Saw this on the net and i just had to put it in here. Unfortunatly it's in japanese but it's still nice to watch.

http://video.google.com/videoplay?docid=3748489073060595313

I had a bit of trouble in the beggining of the clip, if it happens to you as well just fastforward a little and it will stop.


----------



## green meanie (Jun 11, 2006)

Excellent clip! Mifune's amazing. Thanks for that. :asian:


----------



## Nemesis (Jun 11, 2006)

I have one of his books, it's called The Canon of Judo and it's the best pratical martial arts book i have ever seen. It covers so much from throws, immobilisation, joint locks, strangulation, all done with hundreds of pictures and tons of advices. And what i like most about the book is that afterwards it teaches us to counter a lot of those technics. I don't know much about Mifune but when it comes to grappling he seemed to be elite, so i just had to post it.


----------



## Henderson (Jun 11, 2006)

Mifune was long referred to as the God of Judo.  Thank you for the clip.


----------



## green meanie (Jun 11, 2006)

Mifune is a Judo God. It was a _GREAT_ find. Thanks again. :asian:

Edit: Crap. Looks like Frank beat me to the punch this time.


----------



## White Fox (Jun 11, 2006)

That was a great clip thanks a bunch!!


----------



## bignick (Jun 11, 2006)

Mifune is sometimes considered the greatest martial artist, ever...with good reason, I have a few videos of him and it still boggles my mind when I see him moving...


----------



## monkey (Jun 11, 2006)

i have the full film it 5omin!It tells his size -weight-Lots of details & breakdowns & finaly! Some go 1 to 1 with Mifune.He wins.Great film as well as the Otsuka & Yoshiba & others I have.I love these founders & how they make it look as though it was not even an effort to think & do.
Amaizing films.


----------



## pstarr (Jun 13, 2006)

Great find!  Thank you!


----------



## Nemesis (Jun 14, 2006)

It's a good clip, isn't it?

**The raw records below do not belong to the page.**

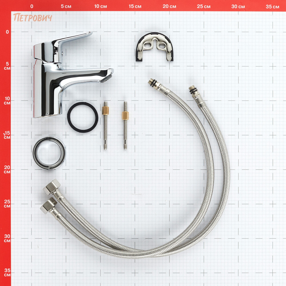 Смеситель, монтажный набор, гибкая подводка, инструкция по эксплуатации с гарантийным талоном.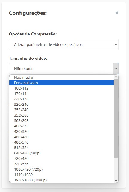 Depois disso escolha "Personalizado" em "Tamanho do Vídeo". Conforme mostra a imagem abaixo.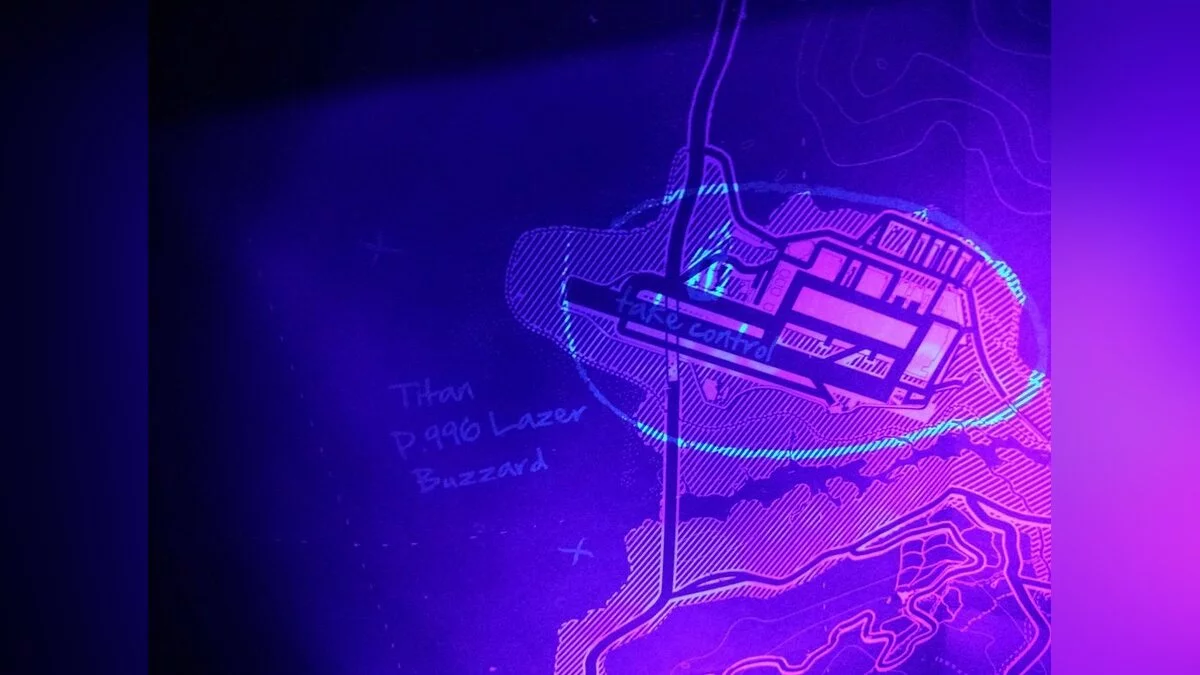 На светокопировальной карте есть ещё один секрет. Если обратите внимание на фото ниже, то увидите обведённый форт Занкудо и надписи «Take control» (захвати контроль) и «Titan, P.996 Lazer, Buzzard». Как можно помнить из GTA 4: The Ballad of Gay Tony, Buzzard — вооружённый до зубов ракетами и пулемётами Гатлинга вертолёт. P.996 Lazer — новое наименование истребителя.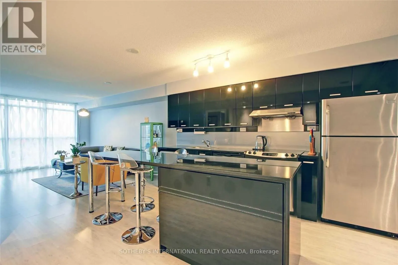 Cross Streets: Sheppard And Leslie. ** Directions: Ask Siri. Gracefully designed and thoughtfully appointed, this refined residence offers a lifestyle of sophistication and comfort. Complete with a private balcony, parking, and locker, every detail has been considered to create both beauty and functionality. Interiors are enriched with couture wallpaper, recessed lighting, and white-washed veneered flooring, while floor-to-ceiling glass captures natural light and frames serene views. Striking black granite counters lend a dramatic edge, complementing the open, airy design.The flowing living, dining, and kitchen spaces invite effortless daily living and stylish entertaining. Anchored by a sleek island with breakfast bar seating, the culinary kitchen delights with stainless steel appliances and glossy black lacquered cabinetry, offering a striking interplay of light and depth.The oversized primary suite, complete with a spa-inspired four-piece ensuite, provides a private sanctuary. A versatile den, enhanced with its own closet, easily serves as a guest bedroom or a polished home office.Bathed in sunlight and enhanced with modern conveniences, this residence is a rare blend of elegance and ease a true statement of luxurious city living. (id:27476)

There's a few other judo clips in the same link (one of them also by Mifune) even has judo self defense aplications, but i'll try to find more.


----------



## Nemesis (Jun 15, 2006)

Two other great names from grappling! Helio Gracie vs Kimura.

http://video.google.com/videoplay?docid=-8270757412372460237&q=gracie+vs+kimura

http://video.google.com/videoplay?docid=1690337360622979628&q=gracie+vs+kimura

http://www.judoinfo.com/helio.htm


----------